• [Aim of the task] Copy the listing that follows exactly. Its pictures do not belong in the copy.

● ● ● ● ●

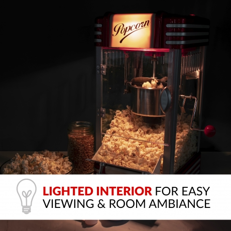 - LIGHTED INTERIOR: Lighted interior creates a fun and pleasant room ambiance and 360-degree clear view popping chamber allows you to watch your popcorn pop
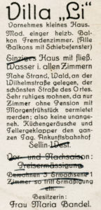 Im Jahre 1924 wechselt das Eigentum an Frau „Bandel, Ehefrau Maria, geb. Königsmann“ (Auszug aus dem Grundbuch). Sie hat die Villa Li weiter als Pension betrieben.
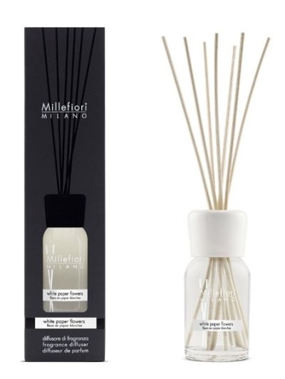 Aróma difuzér Natural Kvety z bieleho papiera je svieža a napriek tomu upokojujúca vôňa, ktorá prináša do domova žiarivú atmosféru šťastia. Čistá vôňa zelených čajových lístkov a bergamotu sa mieša s nehou bielych kvetov a biele drevo v základe dodáva celej kompozícii zamatový dotyk pokoja. Sklenená fľaštička je zakončená elegantným keramickým krúžkom. Po vyprchaní vône možno jednoducho kúpiť iba náplň a po vymytí fľaštičky doplniť ľubovoľnou vôňou.
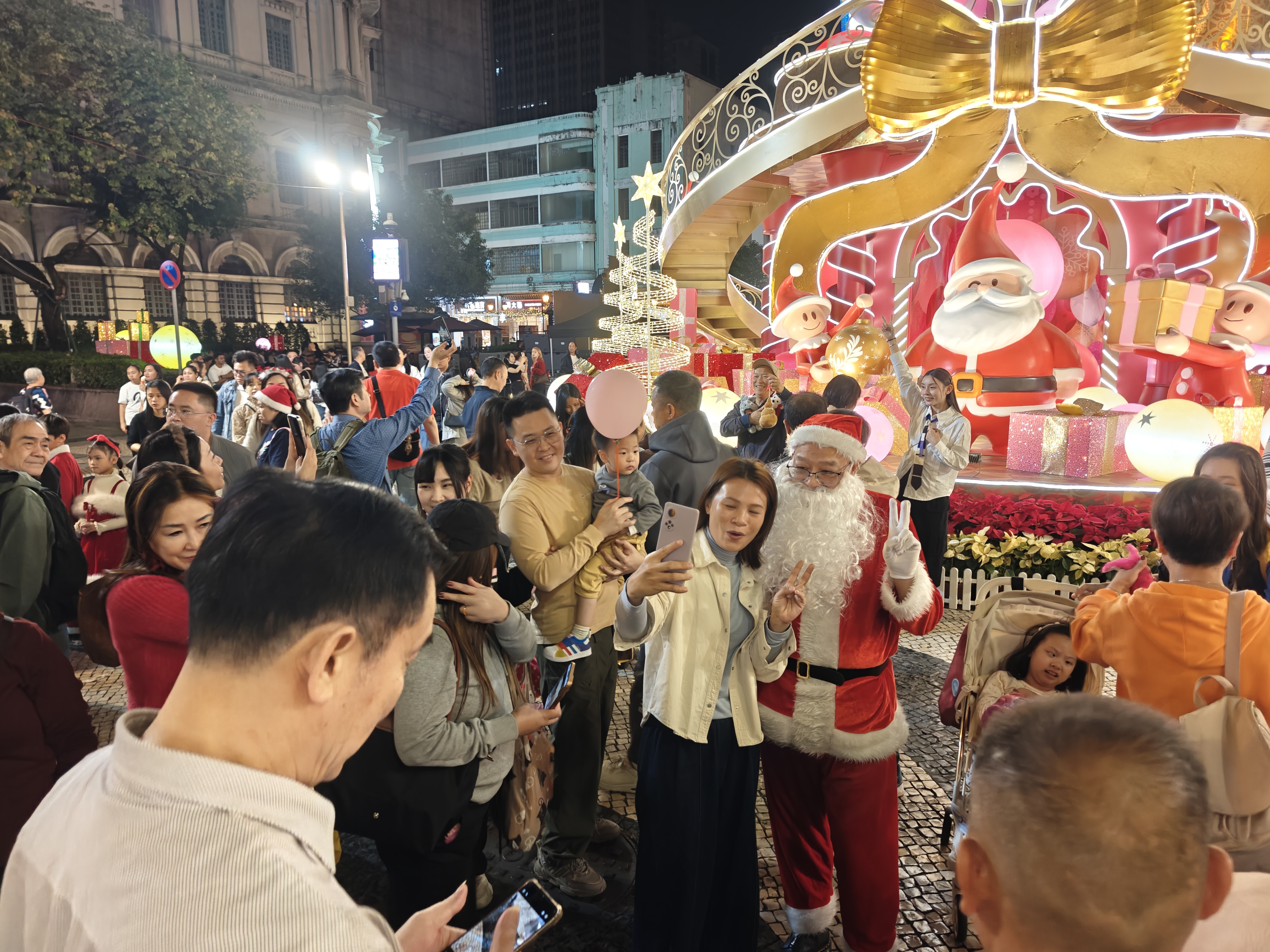 【即時新聞】今日平安夜,市面燈光璀璨,聖誕燈飾亮麗,不少市民和旅客到街上歡度佳節,中區議事亭至大三巴牌坊一帶人流如鯽,有市民旅客在聖誕燈飾之下拍照留念,亦有聖誕老人到場與途人互動,派發禮物及合照;也有宗教團體在大三巴舉辦報佳音活動,吸引大批市民和旅客坐滿牌坊梯級觀賞,處處洋溢著濃濃的聖誕氣氛。
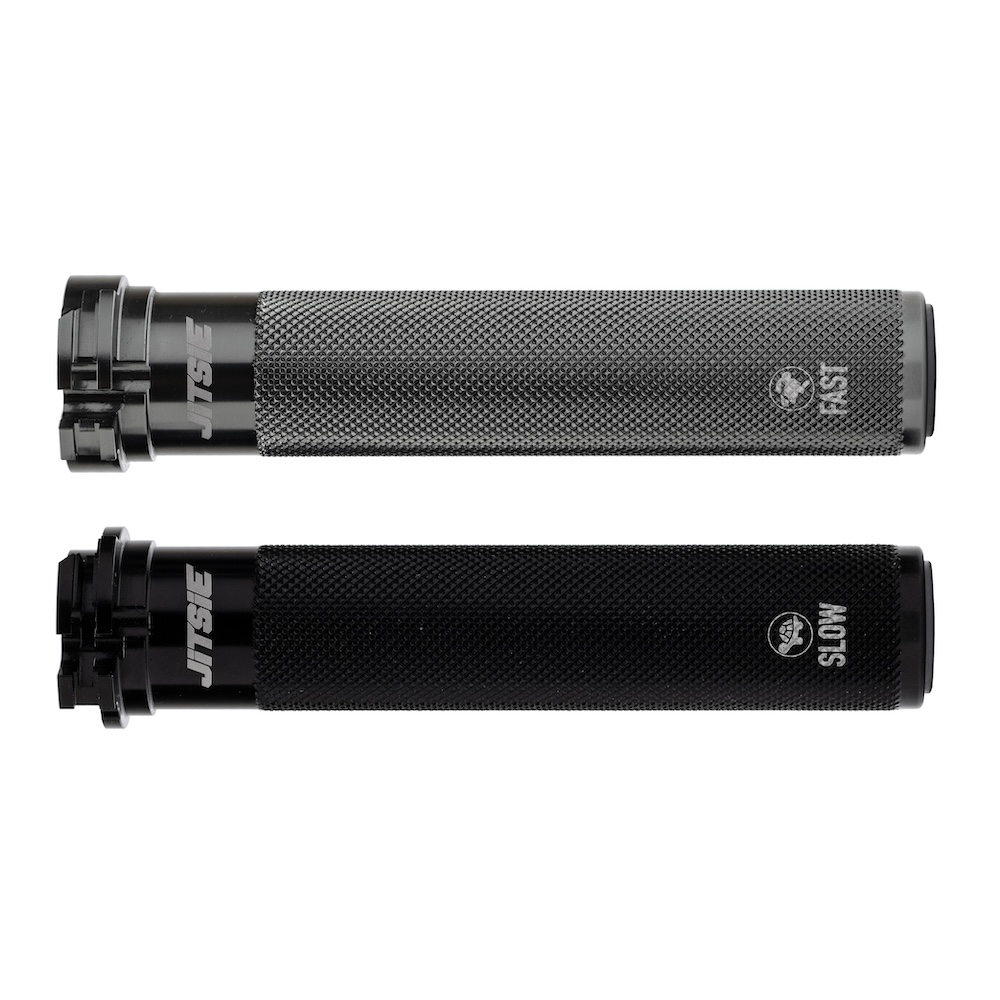 The Jitsie aluminium throttle sleeve Race is a premium upgrade for trials riders looking for maximum durability and precision. CNC-machined from lightweight aluminium, it features a built-in bearing for smoother throttle action and a knurled outer surface for perfect grip retention. A rubber cover protects the bearing from dirt and damage, making it the ultimate high-performance alternative to standard plastic sleeves.
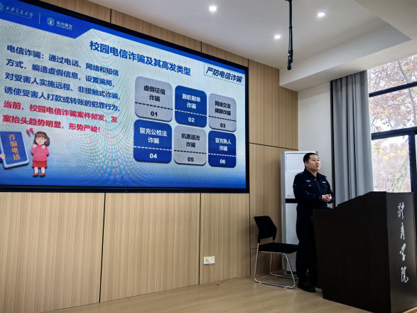 为进一步筑牢校园安全防线,提升安全防范意识,12月3日下午,体育学院师生联合党支部协同学生工作办公室,特邀保卫处安全教育与宣传办公室常帅老师为全体硕士研究生进行安全主题宣讲。

● ● ● ● ●

• [Response to this exercise]
 - LIGHTED INTERIOR: Lighted interior creates a fun and pleasant room ambiance and 360-degree clear view popping chamber allows you to watch your popcorn pop
 Im Jahre 1924 wechselt das Eigentum an Frau „Bandel, Ehefrau Maria, geb. Königsmann“ (Auszug aus dem Grundbuch). Sie hat die Villa Li weiter als Pension betrieben.
 Aróma difuzér Natural Kvety z bieleho papiera je svieža a napriek tomu upokojujúca vôňa, ktorá prináša do domova žiarivú atmosféru šťastia. Čistá vôňa zelených čajových lístkov a bergamotu sa mieša s nehou bielych kvetov a biele drevo v základe dodáva celej kompozícii zamatový dotyk pokoja. Sklenená fľaštička je zakončená elegantným keramickým krúžkom. Po vyprchaní vône možno jednoducho kúpiť iba náplň a po vymytí fľaštičky doplniť ľubovoľnou vôňou.
 【即時新聞】今日平安夜,市面燈光璀璨,聖誕燈飾亮麗,不少市民和旅客到街上歡度佳節,中區議事亭至大三巴牌坊一帶人流如鯽,有市民旅客在聖誕燈飾之下拍照留念,亦有聖誕老人到場與途人互動,派發禮物及合照;也有宗教團體在大三巴舉辦報佳音活動,吸引大批市民和旅客坐滿牌坊梯級觀賞,處處洋溢著濃濃的聖誕氣氛。
 The Jitsie aluminium throttle sleeve Race is a premium upgrade for trials riders looking for maximum durability and precision. CNC-machined from lightweight aluminium, it features a built-in bearing for smoother throttle action and a knurled outer surface for perfect grip retention. A rubber cover protects the bearing from dirt and damage, making it the ultimate high-performance alternative to standard plastic sleeves.
 为进一步筑牢校园安全防线,提升安全防范意识,12月3日下午,体育学院师生联合党支部协同学生工作办公室,特邀保卫处安全教育与宣传办公室常帅老师为全体硕士研究生进行安全主题宣讲。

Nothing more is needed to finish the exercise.